Index(['type', 'rcvTime', 'receiver_id', 'sendTime', 'sender', 'senderPseudo',
       'messageID', 'label', 'pos1', 'pos2', 'pos3', 'pos_noise1',
       'pos_noise2', 'pos_noise3', 'spd1', 'spd2', 'spd3', 'spd_noise1',
       'spd_noise2', 'spd_noise3', 'acl1', 'acl2', 'acl3', 'acl_noise1',
       'acl_noise2', 'acl_noise3', 'hed1', 'hed2', 'hed3', 'hed_noise1',
       'hed_noise2', 'hed_noise3'],
      dtype='object')


Before getting into the Federated Model, we will have to transform our dataframe into a ClientData object (*tff.simulation.datasets.ClientData* class). The *receiver_id* column will be use to create client ids and to group clients. At the end of this process, each client will have a dataset containing tensors representing their data and labels.

In [119]:
import tensorflow_federated as tff
import pandas as pd
import tensorflow as tf

# Drop rows with NaN values
df = df_final.dropna()

# Function to create client datasets
def create_client_data():
    client_data = []
    # Assuming 'receiver_id' is the column to group clients
    for _, client_df in df.groupby('receiver_id'):
        client_data.append(
            tf.data.Dataset.from_tensor_slices(
                ({'dense_28_input': client_df.drop(columns=['label']).values.astype('float32')},
                 client_df['label'].values.astype('float32'))
            )
        )
    return client_data

# Create ClientData object directly
client_data = create_client_data()

# Create ClientData object
client_data_obj = tff.simulation.datasets.ClientData.from_clients_and_tf_fn(
    client_ids=[str(i) for i in range(len(client_data))],  # Assuming client_ids are numeric
    serializable_dataset_fn=lambda client_id: client_data[int(client_id)]
)

# Test by printing the client data for the first client
client_dataset = client_data_obj.create_tf_dataset_for_client(client_data_obj.client_ids[0])
for data in client_dataset.take(1):
    print(data)


({'dense_28_input': <tf.Tensor: shape=(31,), dtype=float32, numpy=
array([ 3.00000000e+00,  5.04046016e+04,  1.50000000e+01,  5.04046016e+04,
        9.00000000e+00,  1.09500000e+03,  8.48800000e+03,  1.31761047e+03,
        1.01347186e+03,  0.00000000e+00,  3.60492206e+00,  3.79965401e+00,
        0.00000000e+00, -9.05958951e-01, -1.42745638e+00,  0.00000000e+00,
       -1.89850503e-03, -2.99134199e-03,  0.00000000e+00, -9.18970764e-01,
       -1.44807351e+00,  0.00000000e+00,  3.99408024e-03,  5.08691743e-03,
        0.00000000e+00, -5.35855293e-01, -8.44309807e-01,  0.00000000e+00,
        2.02444115e+01,  2.13281651e+01,  0.00000000e+00], dtype=float32)>}, <tf.Tensor: shape=(), dtype=float32, numpy=0.0>)

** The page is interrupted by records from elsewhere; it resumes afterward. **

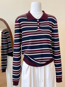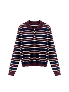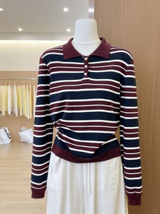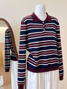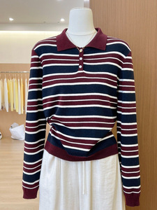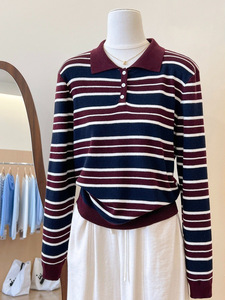 自留款推荐~复古撞色条纹POLO领针织衫女秋季款时尚气质显瘦上衣
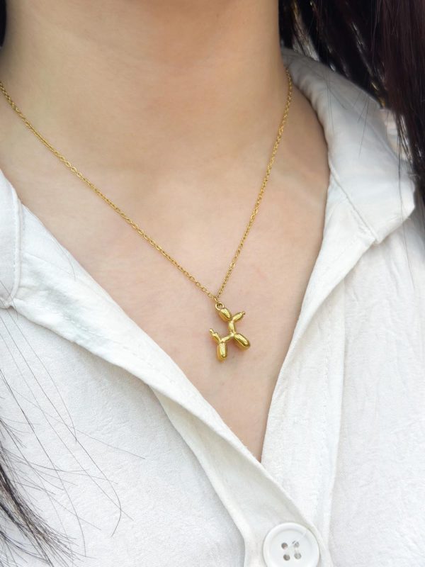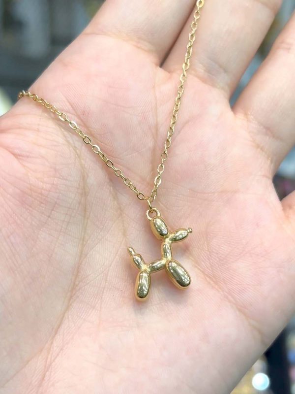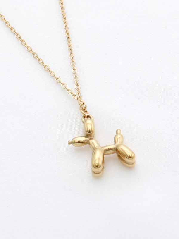 Collier moderne en acier inoxydable doré, orné d’un pendentif original en forme de chien ballon.
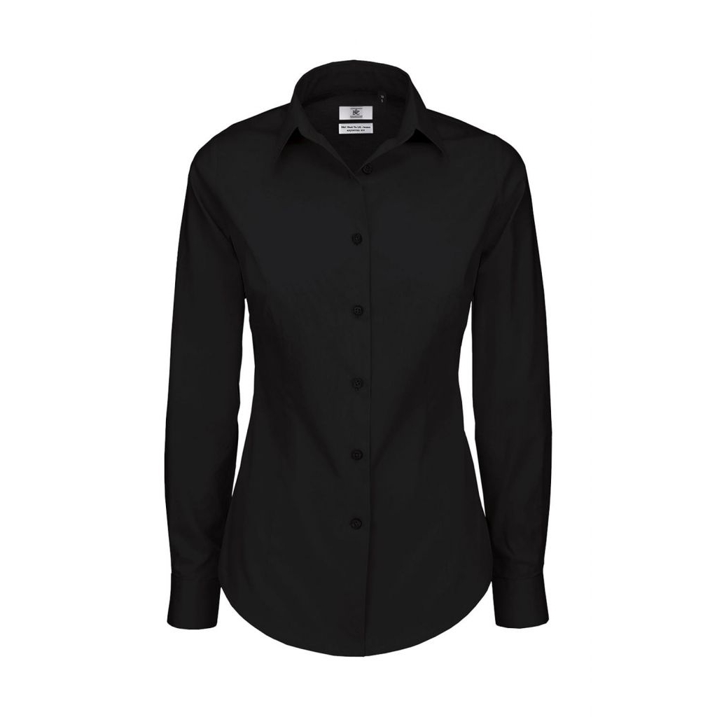 Košile dámská B&C Elastane s dlouhým rukávem - černá, 4XL
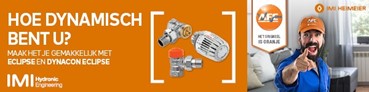 De Eclipse thermostatische afsluiters van IMI Heimeier zijn geschikt voor gebruik in tweepijp-verwarmingsinstallaties met normaal tot hoog temperatuurverschil. In renovatieprojecten hoeft het drukverlies in de leidingen in oude systemen niet bepaald te worden, alleen de verwarmingscapaciteit en het resulterende maximum debiet moet worden bepaald. Het minimum drukverschil moet over de meest ongunstige afsluiter gaan. Indien nodig, kan dit worden gemeten teneinde de instelling van de pomp te optimaliseren.
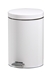 White metal pedal bin. Ideal for bathrooms and patient rooms. Plastic inner bucket. 12-liter capacity.
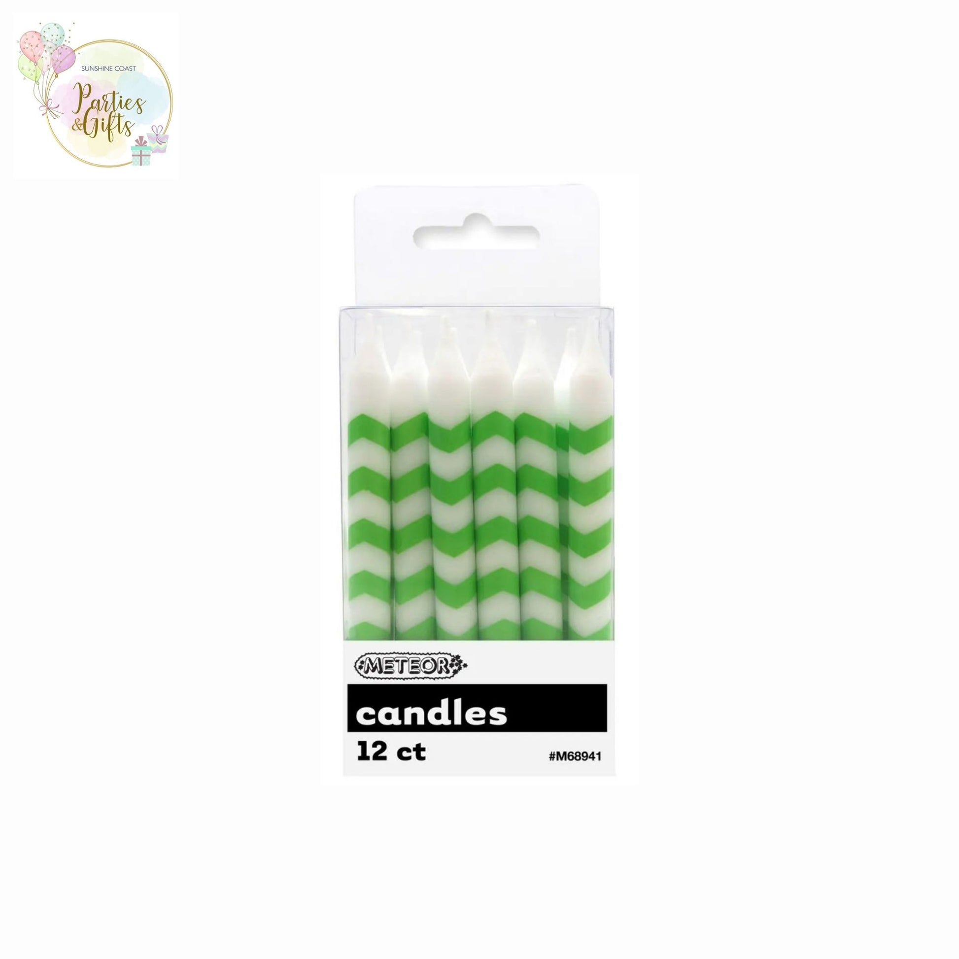 LIME GREEN CHEVRON CANDLES - PACK OF 12
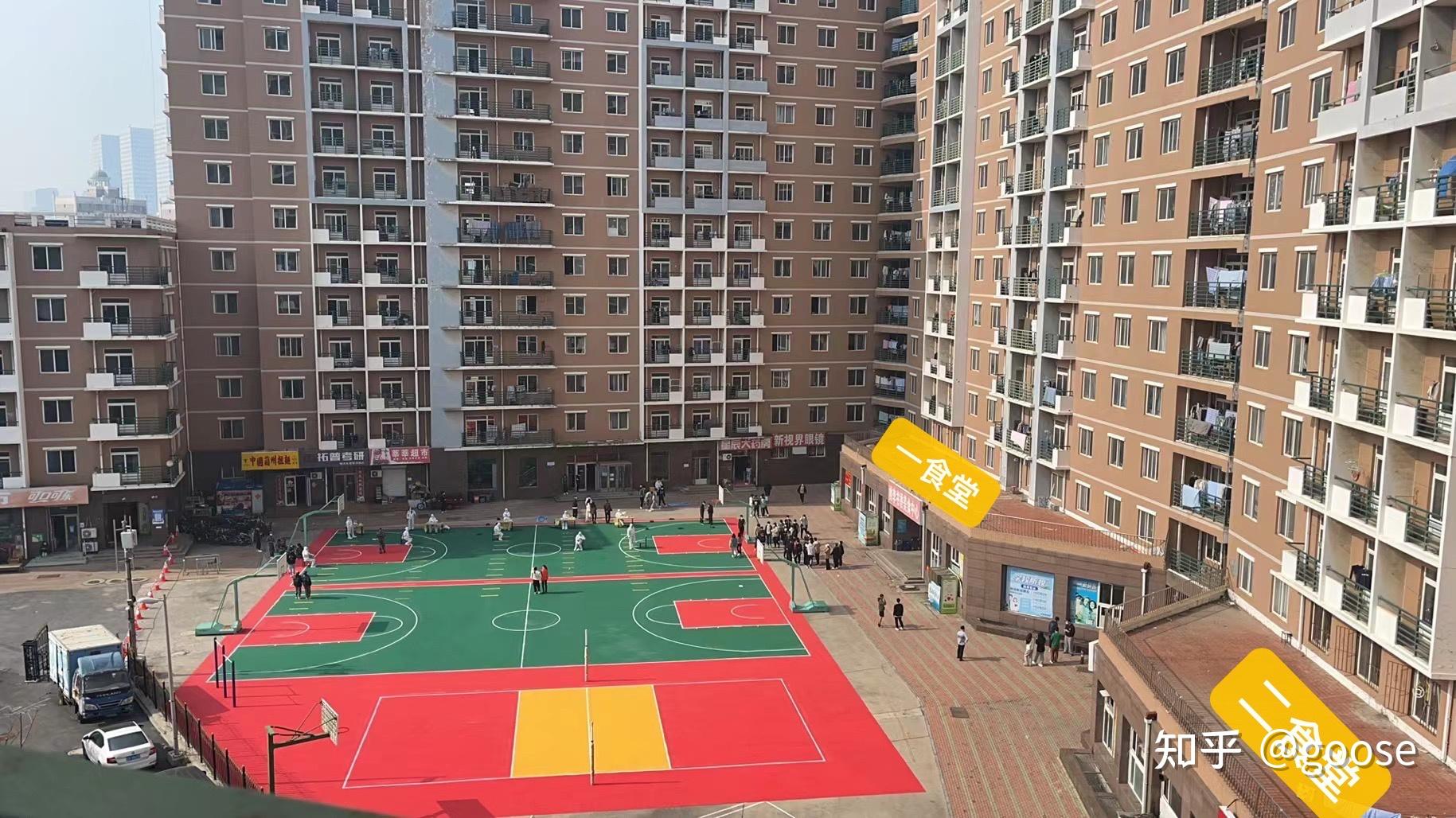 公寓区有1块篮球场地,2块羽毛球场地,还有一条比较宽的巷道会有人在那里跳绳。
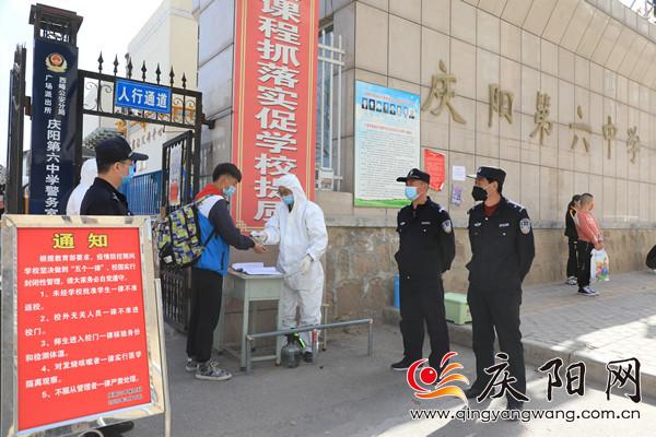 ?慶陽六中學(xué)生進(jìn)校前接受體溫檢測(cè)。記者黃飛 攝

## Federated Learning Model

For the machine learning method used, we will try two methods : Convolutionnal Neural Network and Logistic Regression. Weight updates can be challenging with CNNs due to their large number of parameters, whereas Logistic Regression allows an easier weight update with its smaller number of parameters.
Earlier during the dataset preprocessing, we partitioned the data using the ids of the receivers. To perform the model aggregation, we will use federated averaging with the Tensorflow Federate library.

### Logistic Regression

In [120]:
import collections
import tensorflow as tf
import tensorflow_federated as tff

# Load simulation data.
source = client_data_obj
def make_client_data(n):
  return source.create_tf_dataset_for_client(source.client_ids[n]).repeat(10).batch(20)

# Pick a subset of client devices to participate in training.
train_data = [make_client_data(n) for n in range(5)]

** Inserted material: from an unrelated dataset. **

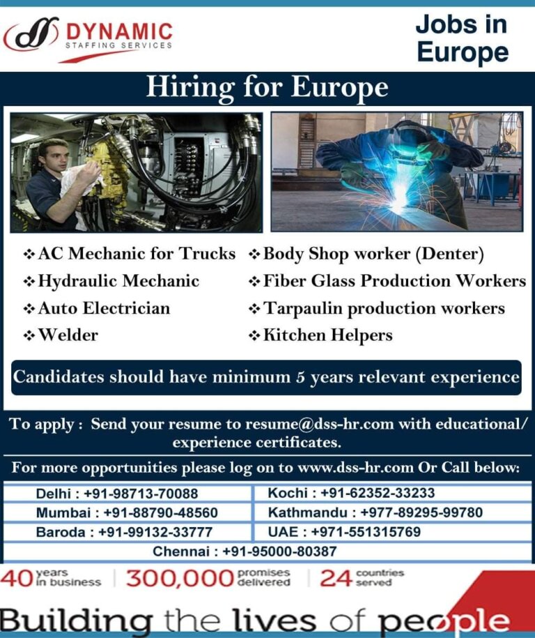 Jobs in EuropeHiring for Europe•:•AC Mechanic for Trucks + Body Shop worker (Denter)Hydraulic Mechanic Auto Electrician Welder Fiber Glass Production …
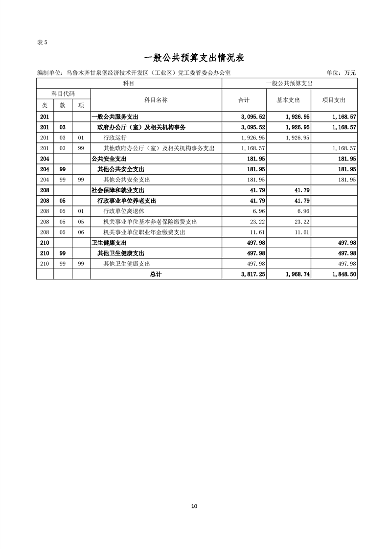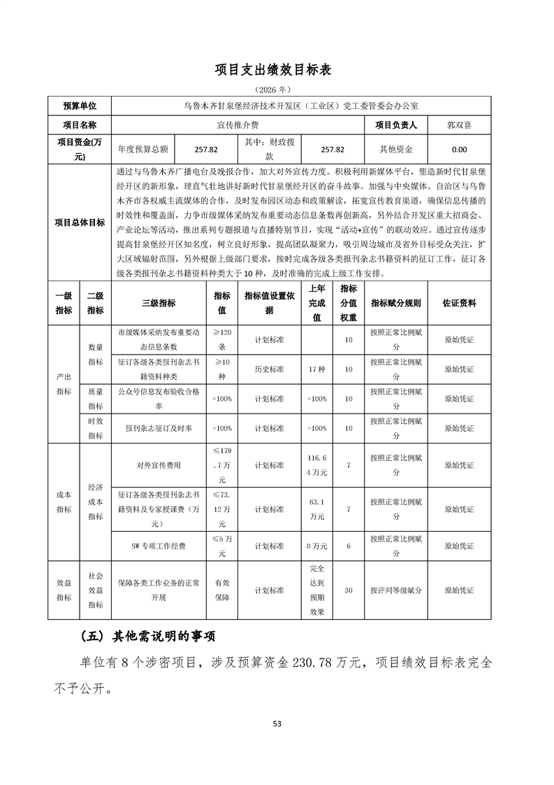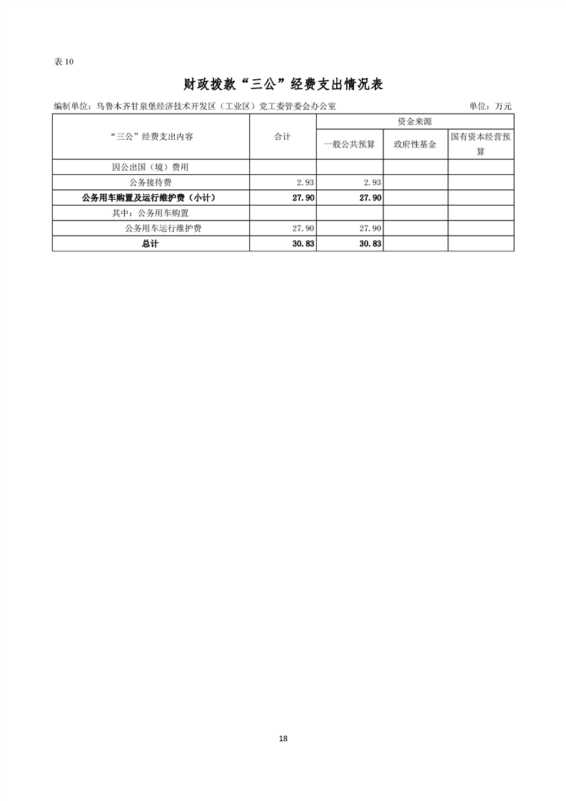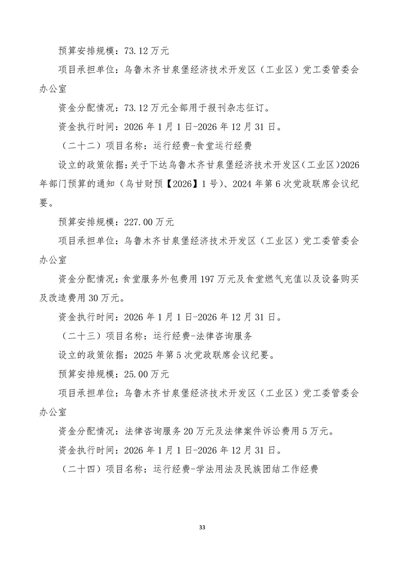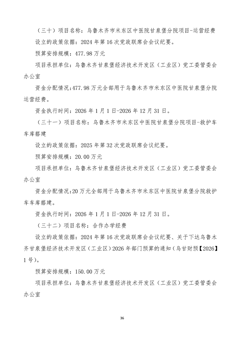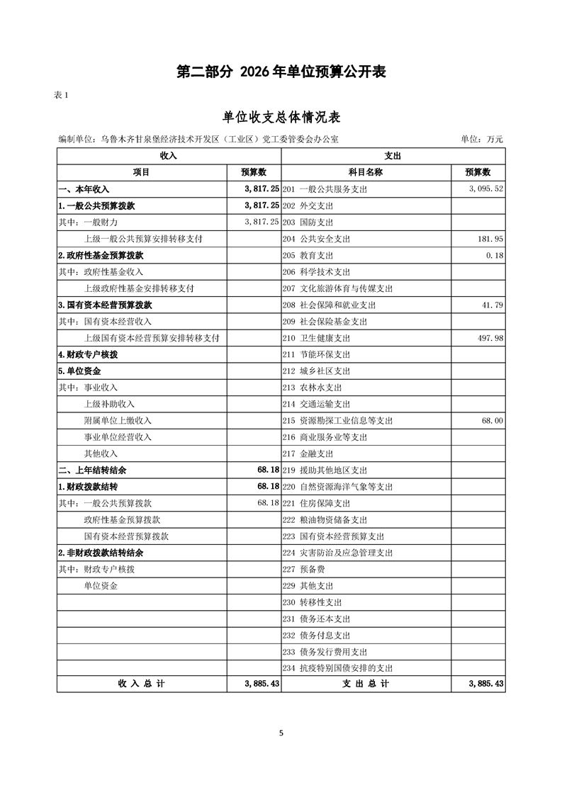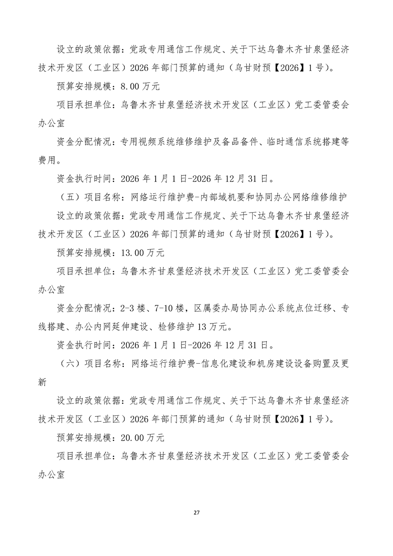 乌鲁木齐甘泉堡经济技术开发区(工业区)党工委管委会办公室2026年单位预算公开

# Wrap a Keras CNN model for use with TFF.
keras_model = tf.keras.models.Sequential([
  tf.keras.layers.Dense(
    2, tf.nn.softmax, input_shape=(31,), kernel_initializer='zeros')
])

tff_model = tff.learning.models.functional_model_from_keras(
      keras_model,
      loss_fn=tf.keras.losses.SparseCategoricalCrossentropy(),
      input_spec=train_data[0].element_spec,
      metrics_constructor=collections.OrderedDict(
        accuracy=tf.keras.metrics.SparseCategoricalAccuracy))

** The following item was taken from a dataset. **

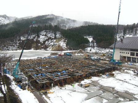 コンクリート打設のため、ポンプ車とミキサー車のペアが登場です。(*^_^*)
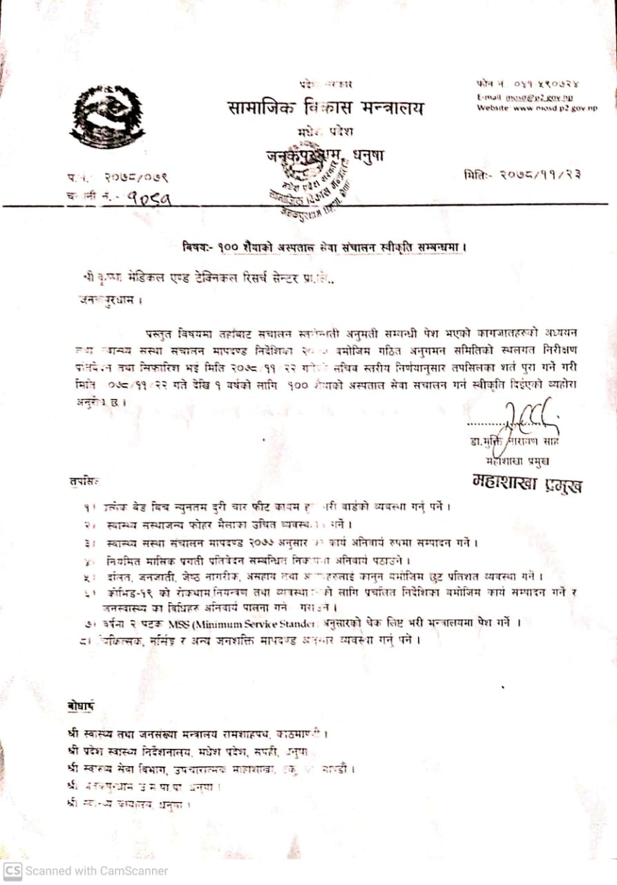 मधेश प्रदेश सरकारको सामाजिक विकास मन्त्रालयले गत फागुन २३ गते श्री कृष्णा मेडिकल एण्ड टेक्निकल रिसर्च सेन्टर प्रा.लि. जनकपुरधामलाई १ सय शैय्याको अस्पताल सञ्चालन गर्न स्वीकृति दिएको हो । मन्त्रालयका महाशाखा प्रमुख डा.मुक्तिनारायण साहले पत्रसंख्या २०७८/२०७९ चलानी नम्बर १० ९१बाट १ वर्षको लागि १ सय शैय्याको अस्पताल सेवा सञ्चालन गर्न स्वीकृति दिइएको उल्लेख छ । प्रदेश सरकारले स्वीकृति प्रदान गरेको अस्पताल जनकपुरधाम उपमहानगर पालिका र यसको वरिपरीको क्षेत्रमा कतै फेला परेको छैन् ।जनकपुर टुडे सञ्चारकर्मीको टोलीले अस्पताल खोजीमा पाँच दिन समय लगाउँदा पनि फेला पार्न सकेनन् । अस्पताल खोज्ने क्रममा महाशाखाका प्रमुख डा.मुक्तिनारायण साहसित सम्पर्क गर्दा उनले २/३ दिन पछि अस्पतालको विषयमा बताउने जानकारी दिए । ‘अस्पतालको विषयमा फोनमा संवाद गर्न कठिन छ’ उनले भने, भेंटेरै कुराकानी गर्दा समाधान निस्किन्छ ।डा.साहले पटक–पटक अस्पतालको विषयलाई ढाकछोप गर्ने प्रयासमात्र गरिरहे । डा.साहले जानकी मेडिकल कलेजको अस्पताल खरिद गरी सञ्चालन गर्न लागेको झूठो वयान दिए ।‘जानकी मेडिकल कलेजको सिटी अस्पताल खरिद गरिएको छ’डा.साहले भने, सिटी अस्पताल पास भइ नसके पनि बिक्रिनामाको कागजात बनाइएको आधारमा अस्पताल सञ्चालनको स्वीकृति दिएको हो ।तर असहज परि स्थिति सृजना भए अस्पतालको स्वीकृति रद्द गर्न सकिने उनले बताए ।

# Simulate a few rounds of training with the selected client devices.
trainer = tff.learning.algorithms.build_weighted_fed_avg(
  tff_model,
  client_optimizer_fn=tff.learning.optimizers.build_sgdm(learning_rate=0.1))
state = trainer.initialize()
for _ in range(5):
  result = trainer.next(state, train_data)
  state = result.state
  metrics = result.metrics
  print(metrics['client_work']['train']['accuracy'])

0.46079183
0.3706258
0.3706258
0.3706258
0.3706258


### CNN

In [112]:
import collections
import tensorflow as tf
import tensorflow_federated as tff

# Load simulation data.
source = client_data_obj
def make_client_data(n):
  return source.create_tf_dataset_for_client(source.client_ids[n]).repeat(10).batch(20)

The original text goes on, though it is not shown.